There is a study by some economists and statisticans on the correlation between the price of a wine and ratings in blind tastings by tasters who are not informed of the price.  The headline result in the paper is that higher priced wines don’t get higher ratings.  If anything they get lower ratings.  It is typically used in the first paragraph of blog posts to set up various theories about how people use price information to tell themselves what they should and shouldn’t like.  (For example, here’s Jonah Lehrer.)

But why should we expect higher priced wine to get higher ratings in tastings? Suppose there are 100 different styles of wine and for every different style there is a group that likes that style and only that style.  There will be a lot of variation in the price of different styles because the price will depend on the supply of that style and the size of the group that likes that style.  Now ask a person to taste a randomly selected wine and rate it.  There will be no correlation between price and ratings.

There are many styles of cheese with different prices.  Would we expect the price of cheese to predict ratings in blind tastings?

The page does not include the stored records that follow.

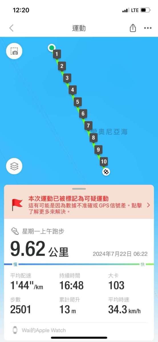 因為我一邊跑時架船繼續航行緊,所以我呢次跑步變得「好可疑」,16:48居然跑咗9.62km,好似車咁快﹗哈哈哈,仲要係個海度移動~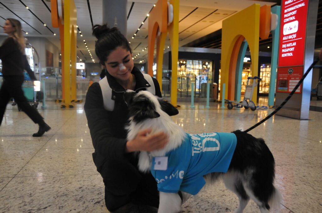 İstanbul Havalimanında görev yapan uçuş öncesi, endişe, stres yaşayan yolcuların korkularını yenmesini sağlayan terapi köpekleri ise çocukların büyük ilgisini çekti. Uçuş öncesi stres, endişe ve korku yaşayan yolcular, Havalimanı İşletmecisi İGA tarafından uygulamaya konulan terapi köpeklerini severek rahatlıyor.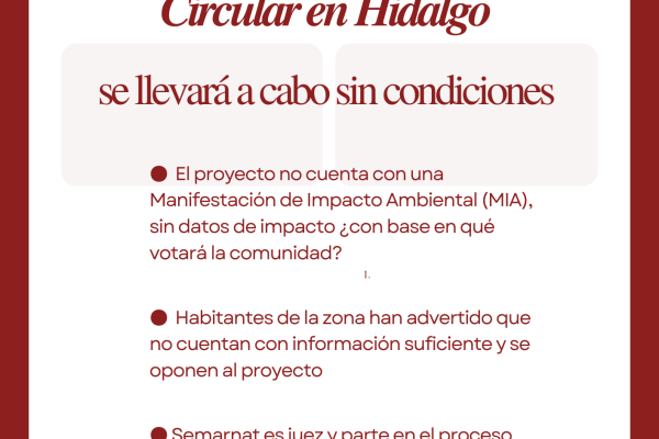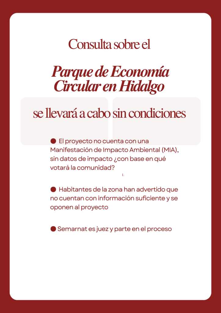 ● El proyecto no cuenta con una Manifestación de ImpactoAmbiental (MIA), sin datos de impacto ¿con base en qué votará la comunidad?● Habitantes de la zona han advertido que no cuentan coninformación suficiente y se oponen al proyecto● Semarnat es juez y parte en el proceso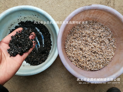 觀察礦石可知,黑鎢礦和石英不存在共生的問(wèn)題,只需要將礦石破碎到一定粒度以后,用篩子篩分后,直接進(jìn)入跳汰機(jī)重選就可以,實(shí)踐證明跳汰機(jī)重選黑鎢礦效果還是不錯(cuò)的,下邊圖片和視頻是鞏義市金昌機(jī)械實(shí)驗(yàn)過(guò)程。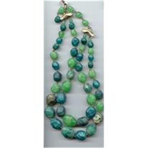 The colors on this 2 strand plastic bead necklace remind me of a forest with the differing colors of the trees and grasses. This necklace should match about any color of green in your wardrobe. The length around the neckline is 20 inches. There is a signed, CORO, hook style clasp. There is some metal wear on the goldtone metal fittings.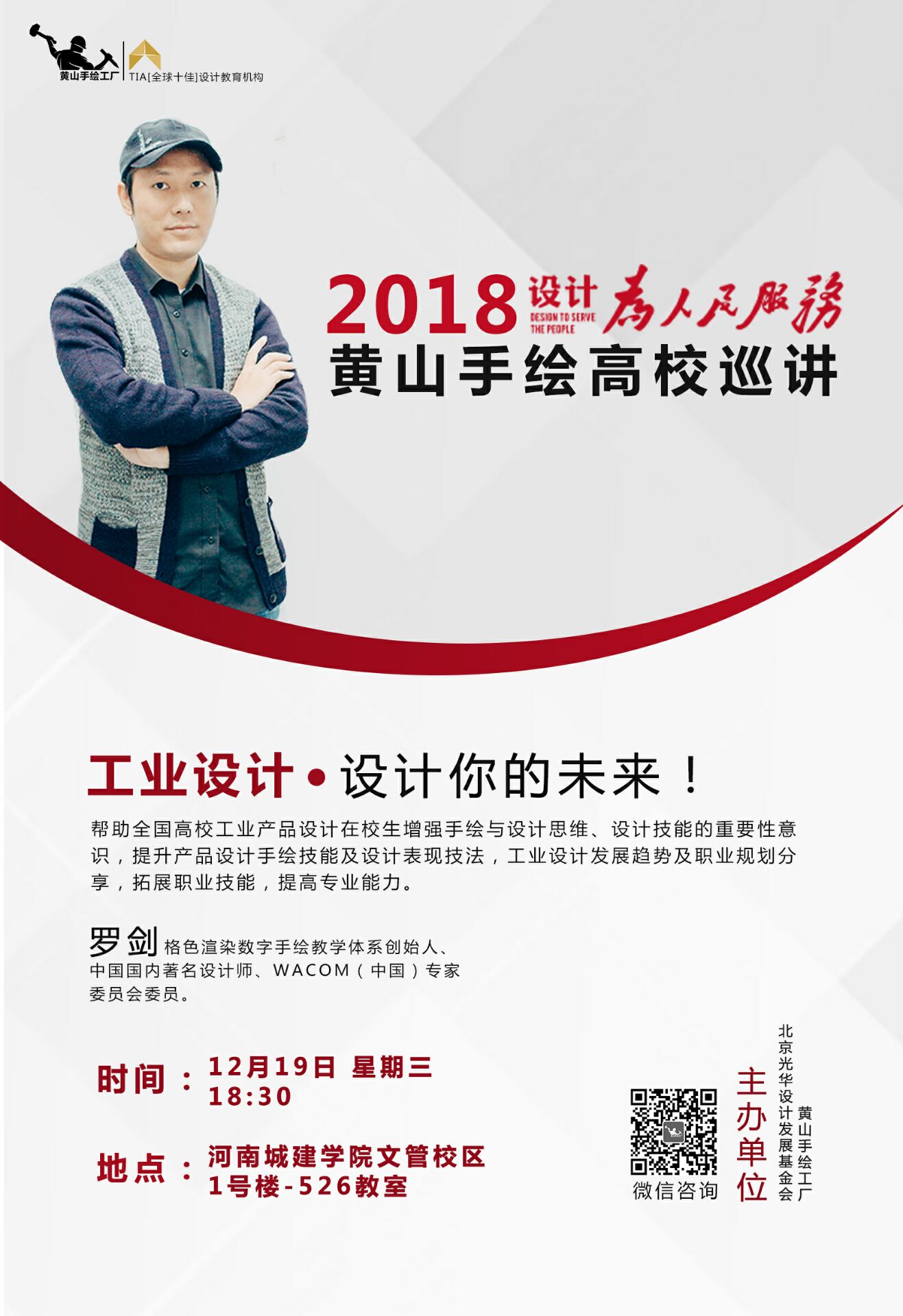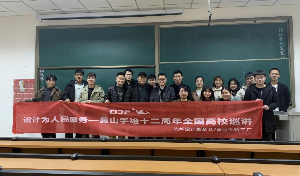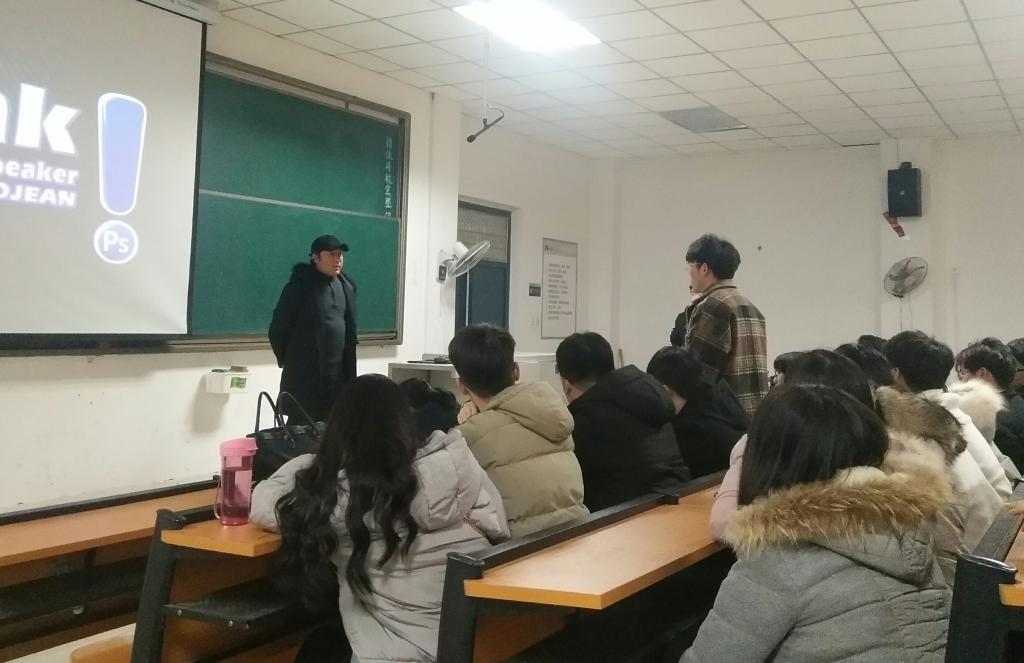 (通讯员 郭永欣)2018年12月19日晚,格色渲染数字手绘教学体系创始人、中国国内著名设计师、上海同济大学外聘讲师、上海工艺美院客座讲师,日本WACOM(中国)专家委员会委员罗剑老师在XC体育526教室举行了“设计为人民服务,黄山手绘高校巡讲”的公益讲座。副经理汤喜辉致辞,XC体育杨东旭副教授、郭永欣老师、孙振利老师等110余名师生参加了此次专业讲座。

Here’s another variation on the same idea.  Suppose there are just two styles of wine, subtle and not-so-subtle.  Some people appreciate the subtlety but most don’t.  Suppose that the supply of subtle wine is lower so that its price is higher.  Then again a study like this will produce an overall negative correlation between price and ratings.

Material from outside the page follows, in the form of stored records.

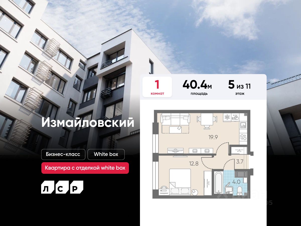 Продаётся 1-комнатная квартира в ЖК "Измайловский" на 5 этаже. Общая площадь составляет 40.40 кв. м. Квартира с white box отделкой. Жилой комплекс "Измайловский" располагается по адресу Санкт-Петербург, Адмиралтейский.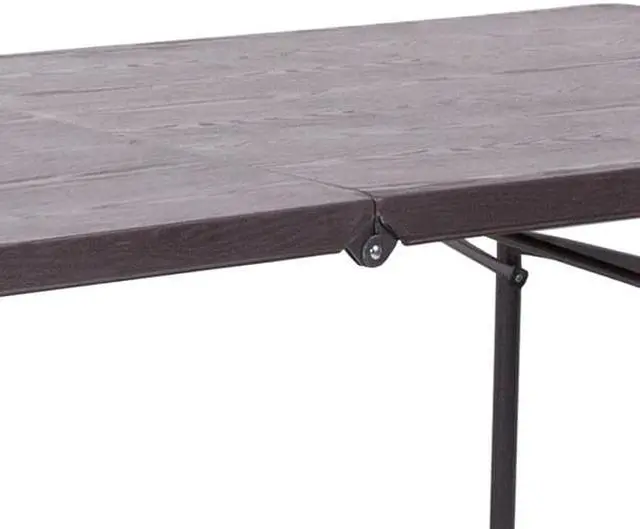 Take the stress out of hosting and say hello to the perfect solution for your seating crisis! This bi-fold plastic folding table is a great option when you need a temporary dining surface or an everyday workstation in your home or office. This versatile folding table can be dressed up or used as is with its dark colored top during holiday events, parties and arts and craft activities. Place multiple tables side by side or in rows to accommodate large party events. The waterproof, impact and stain resistant top have a 220 pound static load capacity and is commercial rated for use as a training table, in banquet halls and at trade shows.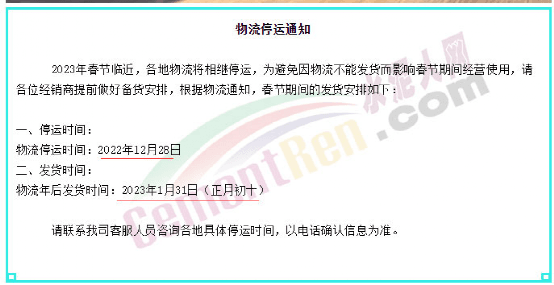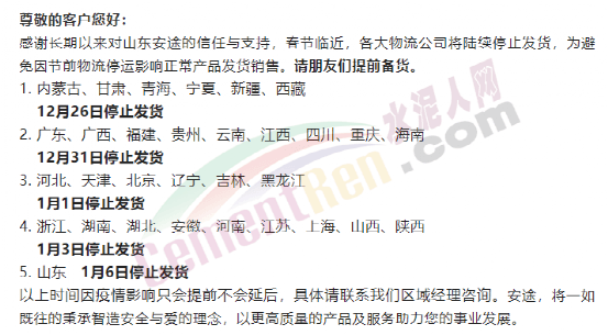 據(jù)水泥人網(wǎng)了解,目前已有多家物流公司發(fā)布春節(jié)停運(yùn)的通知。受大多物流公司停運(yùn)影響,各行各業(yè)產(chǎn)業(yè)鏈的運(yùn)行均受到一定的影響,相繼出現(xiàn)發(fā)貨困難、配套供應(yīng)緊缺及生產(chǎn)任務(wù)加重的問(wèn)題。

And indeed if you read past page 3 of the paper you see that an effect like this is in the data.

Our data also indicates that experts, unlike non-experts, on average assign as high – or higher – ratings to more expensive wines. The coefficient on the expert*price interaction term is positive and highly statistically significant. The price coefficient for non-experts is negative, and about the same size as in the baseline model. The net coefficient on price for experts is the sum of these two coefficients. It is positive and marginally statistically significant.

The linear estimator offers an interpretation of these effects. In terms of a 100 point scale (such as that used by Wine Spectator), the extended model predicts that for a wine that costs ten times more than another wine, non-experts will on average assign an overall rating that is about four points lower, whereas experts will assign an overall rating that is about seven points higher.